Amber Lea Starfire's book Journaling Through Relationships is a phenomenal tool for taking a deep dive into those core relationships -- from parents to friends, lovers, and children -- that have shaped us in ways both known and unknown. As a marriage and family therapist, I am thankful that Amber has written a thoughtful, approachable book that I will now share with my friends, family, and clients. Her insightful questions have helped me to set some goals and level up my own consciousness about the most important relationships in my life. Even if you don't think you have "issues," this book will help you better understand and appreciate their influence on you. Bonus: If you've read her other books like I have, you will feel like you know her and exactly where she's coming from.
Journaling Through Relationships is my 2nd journaling book by Amber Lea Starfire (first was Journaling the Chakras) and this book is also one to keep and re-use for many years. I've journaled for 55 years so it's familiar territory, but Amber provides such a variety of prompts that guide me down unexplored paths in my own psyche. The index is an effective tool to find where to go in the book, although I read most of the book before starting to work with the prompts. This book can be used as affordable self-therapy, or by therapists to support clients working with relationship challenges and who want to use journaling as a tool.
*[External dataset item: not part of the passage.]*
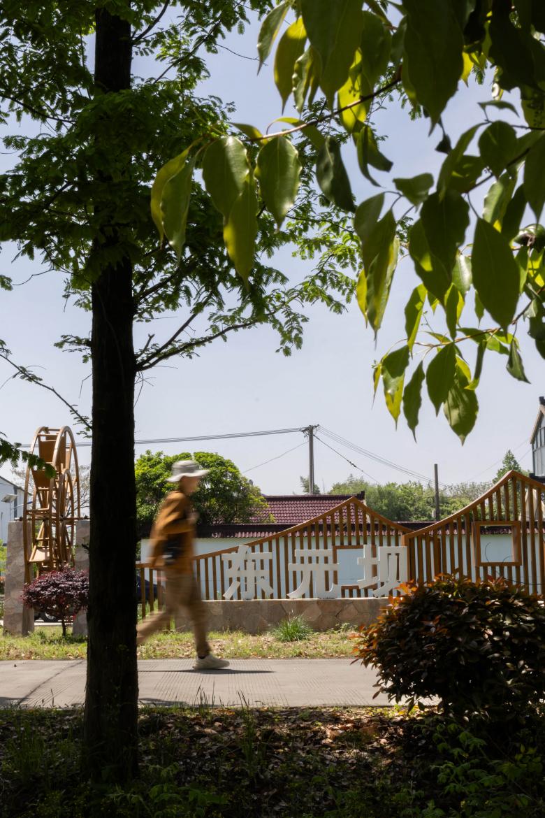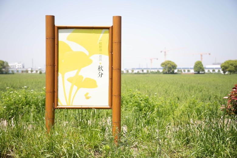 田地是农业生产的主要阵地,生产性景观本就是乡村最美的风景。我们通过田边小品的形式介入,为田园风光增添一抹亮色,同时兼顾思想、文化宣传教育的功能。
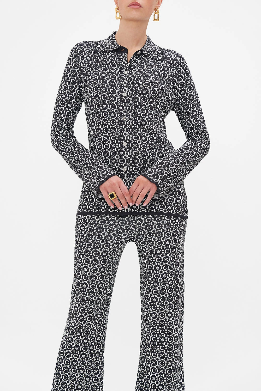 The Feline Fantasy Knit Shirt encompasses the sultry mood of the sleek and seductive feline shadows wildly embracing their contrast patterns and making their monogrammed marks. Crafted from fully fashioned soft rayon blend, this luxury knit shirt offers odes to soft tailoring at the collar, a sensational flared sleeve that dances at the wrist and a relaxed slimline silhouette that skims the curves, finished with a decadent button enclosure. Lovingly handcrafted and designed in Australia, explore more from The Moral Of The Story: Act II collection.

Amber Lea Starfire has managed to create a useful book for professionals, experienced journalers, and people who have never tried journaling before.
If you want to get the most out of your journaling practice, 'Journaling Through Relationships: Writing to Heal and Reconnect is a must. The wisdom it contains, along with the insight-inducing exercises contained in each chapter, provide the means to explore your relationships in the safety and privacy of your journal. I have not yet managed to work my way through the entire book, however I have already experienced deeper understanding about how some of the fundamental relationships in my life have affected me. I look forward to continuing this exploration under Amber's expert guidance. If you love journaling, and how it facilitates self-growth, you will love this book. Thoroughly recommended.